The acquisition was accounted for using the pooling of interests method of
accounting. Accordingly, the Company's historical financial statements were
retroactively restated to reflect the combination with DDI.
On August 18, 1998, the Company completed the acquisition of Signal, which
was accounted for using the pooling of interests method of accounting. The
Company issued 619 shares of its common stock and approximately $1,400 in cash
to a dissenting Signal stockholder in exchange for all Signal capital stock.
The Company's historical financial statements have been restated to reflect the
combination with Signal. Signal and the Company elected to treat their merger
as an asset purchase for income tax purposes.

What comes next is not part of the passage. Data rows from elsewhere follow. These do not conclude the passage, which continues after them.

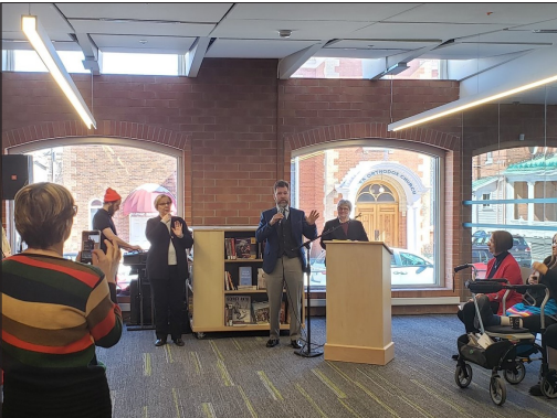
KINGSTON Re-opening the Kingston Frontenac Public Library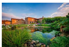
Pazo de Santa Maria - Arzua https://www.pazosantamaria.com/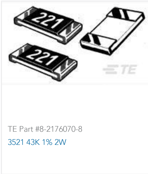
TE Part #8-2176070-8 3521 43K 1% 2W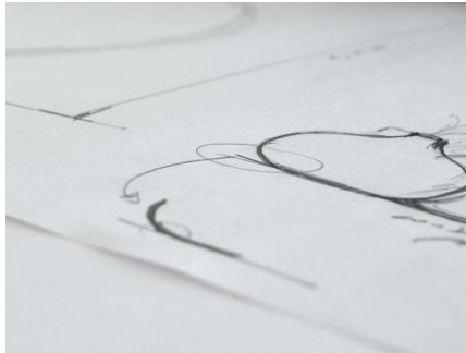
Drawing the idea

Ceramics made in Portugal, with hands and with love (and know-how)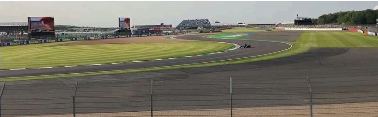
View from the Chapel Grandstand

The Vale grandstand is located at turn 16. It offers a fantastic view of corners 16, 17, and 18. It also provides a clear sight of the pit lane entrance to follow live race strategies. It's one of the cheaper grandstands at the Silverstone circuit.

The Company recorded a deferred
tax asset of $5,052 that was credited directly to shareholders' equity to
reflect the tax effect of goodwill that was recorded for income tax purposes.
F-12
<PAGE>
MEDQUIST INC. AND SUBSIDIARIES
NOTES TO CONSOLIDATED FINANCIAL STATEMENTS -- (Continued)
(in thousands, except per share amounts)
2. ACQUISITIONS -- (Continued)
On November 30, 1998, the Company completed the acquisition of TLF, which
was accounted for using the pooling of interests method. The Company issued 800
shares of its common stock for all TLF capital stock. Accordingly, the
Company's consolidated financial statements have been restated to reflect the
combination with TLF.
On September 18, 1998 the Company signed a definitive merger agreement
with MRC and on December 10, 1998, the merger was consummated. Pursuant to the
agreement, each share of MRC common stock and each share of MRC preferred stock
on an as-converted basis was exchanged for 0.5163 shares of the Company's
Common stock. In total, the Company issued 8,662 shares of its common stock to
the former MRC shareholders and options to purchase an aggregate of 1,543
shares to the former MRC option holders. The MRC merger was accounted for as a
pooling of interests. Accordingly, the Company's consolidated financial
statements have been restated to reflect the merger with MRC.
Revenue and net income as previously reported for the years ended December
31, 1996, 1997 and 1998 and as restated for the pooling of interests
transactions are as follows:
Year Ended
December 31, 1998
------------------------------
Revenue Net Income
----------- ----------
MedQuist, as previously reported ......... $164,779(a) $ (305)(a)
DDI ...................................... 6,165(b) 253(b)
Signal ................................... 5,281(b) 543(b)
TLF ...................................... 3,688(c) 522(c)
MRC ...................................... 91,742(c) 2,172(c)
--------- ------
Restated ................................. $ 271,655 $3,185
========= ======
- ------------
(a) Includes (i) DDI and Signal amounts from July 1, 1998, (ii) TLF and MRC
amounts from October 1, 1998 and (iii) $18,221 of pre-tax transaction and
restructuring costs.
(b) Reflects amounts from January 1, 1998 to June 30, 1998.
(c) Reflects amounts from January 1, 1998 to September 30, 1998.
Year Ended
December 31, 1997
-------------------------
Revenue Net Income
----------- -----------
MedQuist, as previously reported ......... $ 84,495 $ 7,631
DDI ...................................... 10,026 616
Signal ................................... 9,294 1,100
TLF ...................................... 4,226 712
MRC ...................................... 108,117 (1,326)
--------- --------
Restated ................................. $ 216,158 $ 8,733
========= ========
F-13
<PAGE>
MEDQUIST INC. AND SUBSIDIARIES
NOTES TO CONSOLIDATED FINANCIAL STATEMENTS -- (Continued)
(in thousands, except per share amounts)
2. ACQUISITIONS -- (Continued)
Year Ended
December 31, 1996
-------------------------
Revenue Net Income
----------- -----------
MedQuist, as previously reported ......... $ 61,480 $ 3,477
DDI ...................................... 6,937 440
Signal ................................... 8,058 842
TLF ...................................... 3,934 882
MRC ...................................... 71,700 (1,060)
--------- --------
Restated ................................. $ 152,109 $ 4,581
========= ========
Prior to their mergers with the Company, Signal and TLF were taxed as "S"
Corporations. The above net income amounts do not include an aggregate "C"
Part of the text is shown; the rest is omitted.